THE PROBLEM
All that is wanted is the lines from the first line of the listing below through the line containing "为深入学习贯彻党的二十届三中", written out exactly with pictures left out.

DATASET EXTRACT
□ □ □
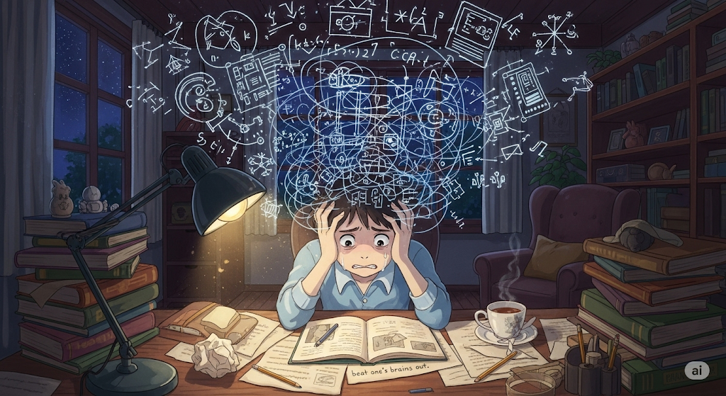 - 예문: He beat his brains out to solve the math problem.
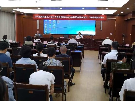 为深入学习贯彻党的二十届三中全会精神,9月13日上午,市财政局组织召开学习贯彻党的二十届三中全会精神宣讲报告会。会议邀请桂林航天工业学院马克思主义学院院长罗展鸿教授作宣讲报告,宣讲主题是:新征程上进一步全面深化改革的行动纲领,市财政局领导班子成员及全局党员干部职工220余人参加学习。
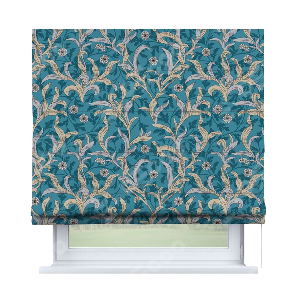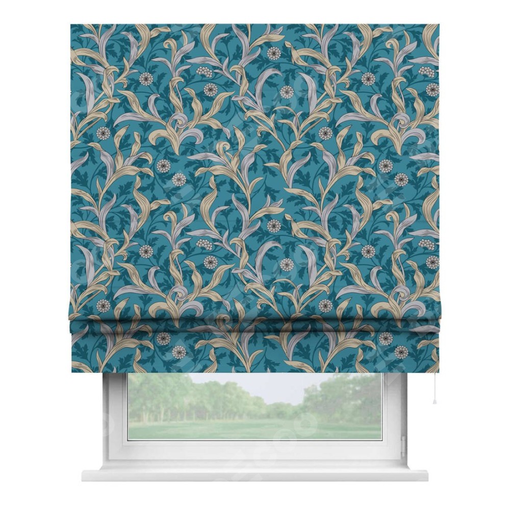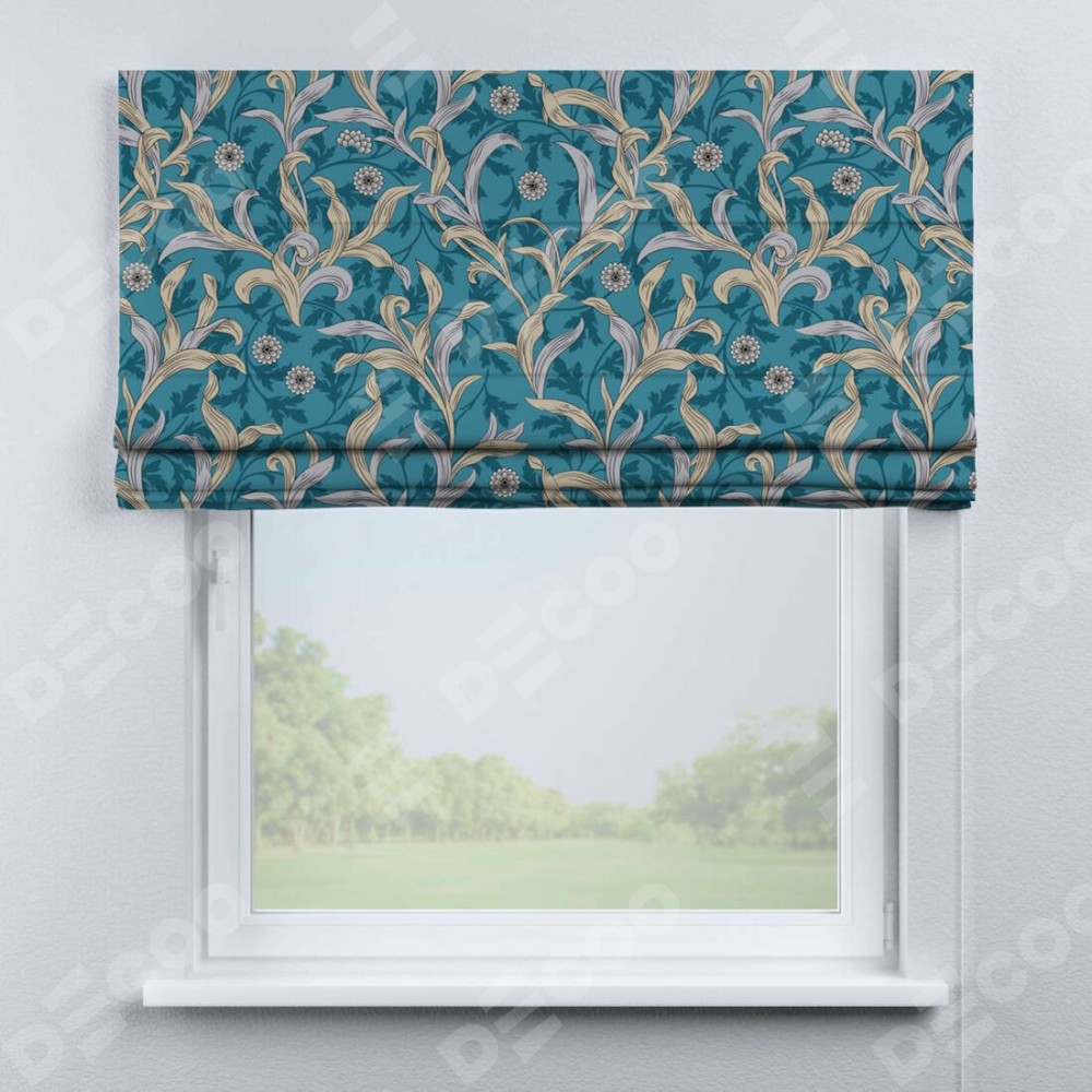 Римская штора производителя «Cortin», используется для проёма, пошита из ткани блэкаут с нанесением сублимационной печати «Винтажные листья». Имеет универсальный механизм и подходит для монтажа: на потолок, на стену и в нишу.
□ □ □
RESPONSE TO THE EXERCISE
 - 예문: He beat his brains out to solve the math problem.
 为深入学习贯彻党的二十届三中全会精神,9月13日上午,市财政局组织召开学习贯彻党的二十届三中全会精神宣讲报告会。会议邀请桂林航天工业学院马克思主义学院院长罗展鸿教授作宣讲报告,宣讲主题是:新征程上进一步全面深化改革的行动纲领,市财政局领导班子成员及全局党员干部职工220余人参加学习。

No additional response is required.